India’s gold import in November was the highest in this calendar year, due to a sharp increase in demand from bullion dealers and stockists. Trade sources estimate import at 100 tonnes, as compared to 98 tonnes in the same month last year and 84 tonnes in October.


Dealers and stockists were anticipating a sharp rise in jewellery demand this wedding season, before the demonetisation of high value currency notes was announced on November 8. With that announcement, consumer demand for gold jewellery halted, resulting in a cascading effect on gold demand from jewellers, too.

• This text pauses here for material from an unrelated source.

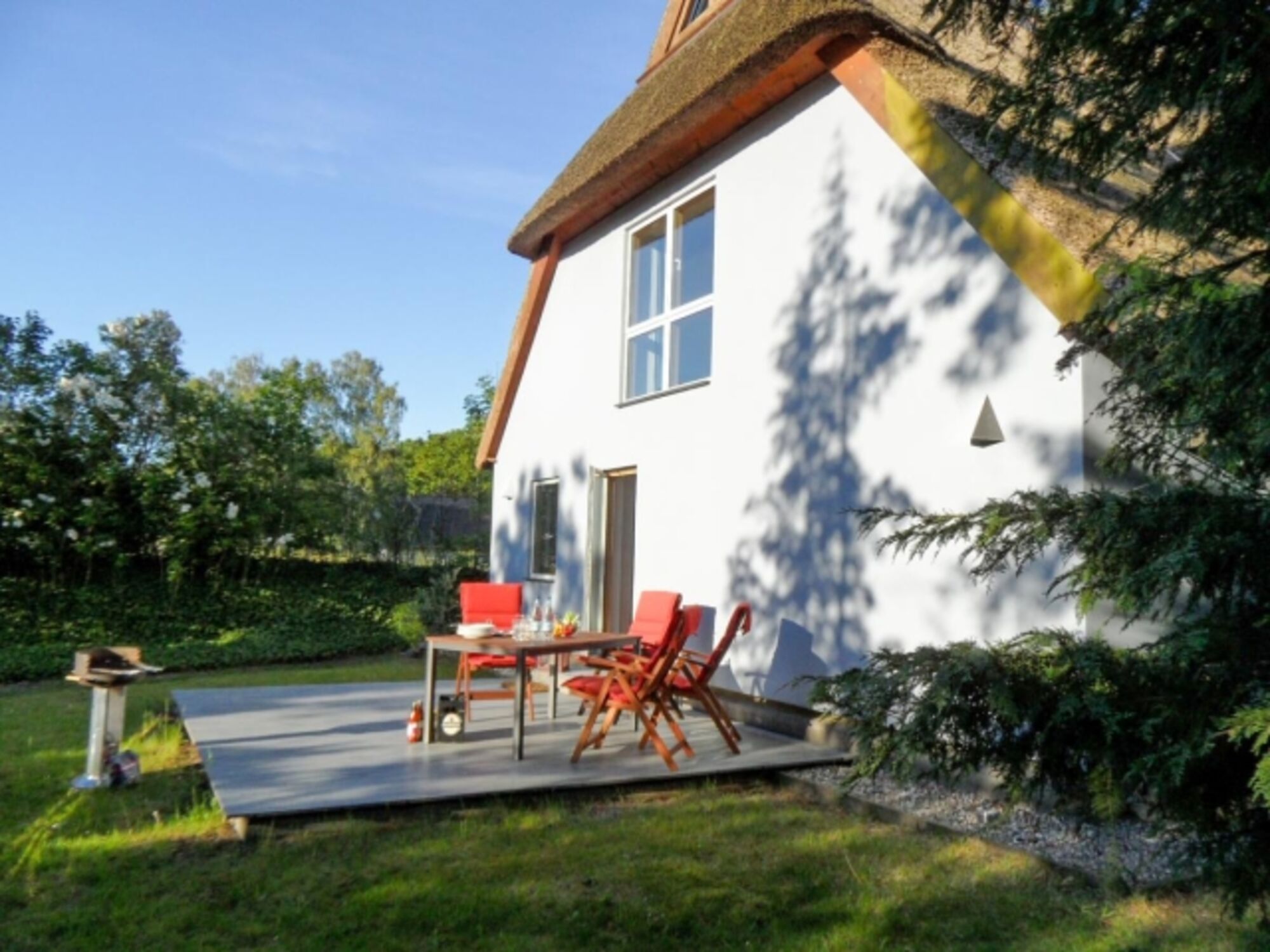 Gepflegtes Reetdachhaus auf großem Grundstück mit Badewanne und Terrasse

“Import rises after Diwali, as jewellers book bullion for preparations of ornaments for the forthcoming wedding season. But, of the estimated 100 tonnes of import, around 70 per cent could be lying in the vaults on evaporating consumer demand,” said Prithviraj Kothari, managing director, RiddiSiddhi Bullions, a dealer at Zaveri Bazaar here.


Also, since the government cancelled legal validity of Rs 500 and Rs 1,000 notes, the income tax department has been conducting search and seizure operations on jewellers across the country allegedly involved in illegal sales for old currency notes. The department has seized a huge quantity of gold jewellery meant for delivery.


And, many transacting in cash face a huge slowdown. Especially so for recovery of gold from old jewellery; jewellers could not pay customers in cash. Jewellery is usually sold for an urgent cash need; this process has halted. Only the organised sector entities, dealing only in electronic payment, faced no problem.

Gold imports
“Owing to demonetisation, the ability to transact business in cash has disappeared. Our business, however, has not impacted at all; cash transactions never existed on our books,” said Rajesh Khosla, managing director of MMTC Pamp, the only primary gold metal refinery with London Bullion Market Association certification in India.


“Trust on gold as the last resort will go up. Gold has been used as a store of value for ages and no authority can ever demonetise or devalue it with a decree. People will want to invest in gold as a back-up for tough times. However, gold sales will be impacted in India if interest rates come down. A lot of consumption will move towards purchase of white goods, cars, homes and vacations. The only silver lining would be for the very low income group, dependent on loans against gold. These people will be able to avail of such loans at a lower interest cost,” said Kothari.


Meanwhile, jewellers have urged the government to reduce the import duty on gold from the present 10 per cent to six per cent.